──────── Available records
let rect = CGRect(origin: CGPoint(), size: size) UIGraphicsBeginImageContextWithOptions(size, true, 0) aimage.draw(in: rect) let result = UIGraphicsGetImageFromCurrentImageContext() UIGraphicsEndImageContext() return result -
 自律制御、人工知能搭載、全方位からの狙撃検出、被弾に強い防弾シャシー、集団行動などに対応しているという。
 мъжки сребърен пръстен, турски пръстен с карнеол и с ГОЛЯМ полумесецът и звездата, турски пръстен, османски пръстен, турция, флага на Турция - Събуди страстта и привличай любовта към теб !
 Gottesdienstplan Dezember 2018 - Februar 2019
────────────────
──────── Available records
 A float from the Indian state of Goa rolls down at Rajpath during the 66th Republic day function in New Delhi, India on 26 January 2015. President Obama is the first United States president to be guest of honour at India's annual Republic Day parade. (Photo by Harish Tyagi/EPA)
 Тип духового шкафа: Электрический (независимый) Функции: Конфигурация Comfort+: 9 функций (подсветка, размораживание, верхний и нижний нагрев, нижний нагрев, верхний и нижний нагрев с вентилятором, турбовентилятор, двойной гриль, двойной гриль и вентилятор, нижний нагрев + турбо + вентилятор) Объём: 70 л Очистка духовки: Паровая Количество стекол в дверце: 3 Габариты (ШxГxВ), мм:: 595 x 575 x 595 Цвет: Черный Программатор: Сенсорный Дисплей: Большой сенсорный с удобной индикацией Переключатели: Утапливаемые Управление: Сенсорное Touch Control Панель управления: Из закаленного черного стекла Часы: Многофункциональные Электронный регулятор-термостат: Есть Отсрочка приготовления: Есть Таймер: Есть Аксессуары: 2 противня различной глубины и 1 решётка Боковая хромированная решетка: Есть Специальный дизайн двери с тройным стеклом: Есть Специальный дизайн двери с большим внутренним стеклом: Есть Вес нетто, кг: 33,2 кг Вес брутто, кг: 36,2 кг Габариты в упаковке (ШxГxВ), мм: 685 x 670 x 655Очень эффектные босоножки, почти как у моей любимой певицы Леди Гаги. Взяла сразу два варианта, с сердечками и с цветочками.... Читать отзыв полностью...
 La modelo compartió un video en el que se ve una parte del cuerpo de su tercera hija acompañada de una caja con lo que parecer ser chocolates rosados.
────────────────
──────── Available records
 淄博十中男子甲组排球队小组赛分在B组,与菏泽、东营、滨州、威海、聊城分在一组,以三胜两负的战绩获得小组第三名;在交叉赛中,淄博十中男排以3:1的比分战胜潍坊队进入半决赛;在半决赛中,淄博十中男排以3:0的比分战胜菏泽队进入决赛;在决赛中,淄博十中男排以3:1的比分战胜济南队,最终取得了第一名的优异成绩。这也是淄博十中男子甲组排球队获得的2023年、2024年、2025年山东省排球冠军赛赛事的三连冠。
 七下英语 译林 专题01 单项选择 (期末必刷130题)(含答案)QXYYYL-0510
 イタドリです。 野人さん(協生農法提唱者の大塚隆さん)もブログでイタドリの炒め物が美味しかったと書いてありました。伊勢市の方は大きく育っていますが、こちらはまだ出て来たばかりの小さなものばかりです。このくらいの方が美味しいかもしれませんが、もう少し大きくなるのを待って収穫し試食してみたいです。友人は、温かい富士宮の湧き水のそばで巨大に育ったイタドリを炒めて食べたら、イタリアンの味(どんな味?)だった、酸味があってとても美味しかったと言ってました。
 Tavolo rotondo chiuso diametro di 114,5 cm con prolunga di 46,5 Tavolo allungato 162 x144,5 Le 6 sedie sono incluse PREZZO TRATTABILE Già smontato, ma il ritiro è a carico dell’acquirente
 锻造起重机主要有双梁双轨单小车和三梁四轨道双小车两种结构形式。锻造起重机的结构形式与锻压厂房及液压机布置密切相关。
────────────────
- Task statement
Only the lines above starting at the line that holds "イタドリです。 野人さん(協" and ending at the line that holds "锻造起重机主要有双梁双轨单小" are to be repeated, exactly and in full.

- Problem solution
 イタドリです。 野人さん(協生農法提唱者の大塚隆さん)もブログでイタドリの炒め物が美味しかったと書いてありました。伊勢市の方は大きく育っていますが、こちらはまだ出て来たばかりの小さなものばかりです。このくらいの方が美味しいかもしれませんが、もう少し大きくなるのを待って収穫し試食してみたいです。友人は、温かい富士宮の湧き水のそばで巨大に育ったイタドリを炒めて食べたら、イタリアンの味(どんな味?)だった、酸味があってとても美味しかったと言ってました。
 Tavolo rotondo chiuso diametro di 114,5 cm con prolunga di 46,5 Tavolo allungato 162 x144,5 Le 6 sedie sono incluse PREZZO TRATTABILE Già smontato, ma il ritiro è a carico dell’acquirente
 锻造起重机主要有双梁双轨单小车和三梁四轨道双小车两种结构形式。锻造起重机的结构形式与锻压厂房及液压机布置密切相关。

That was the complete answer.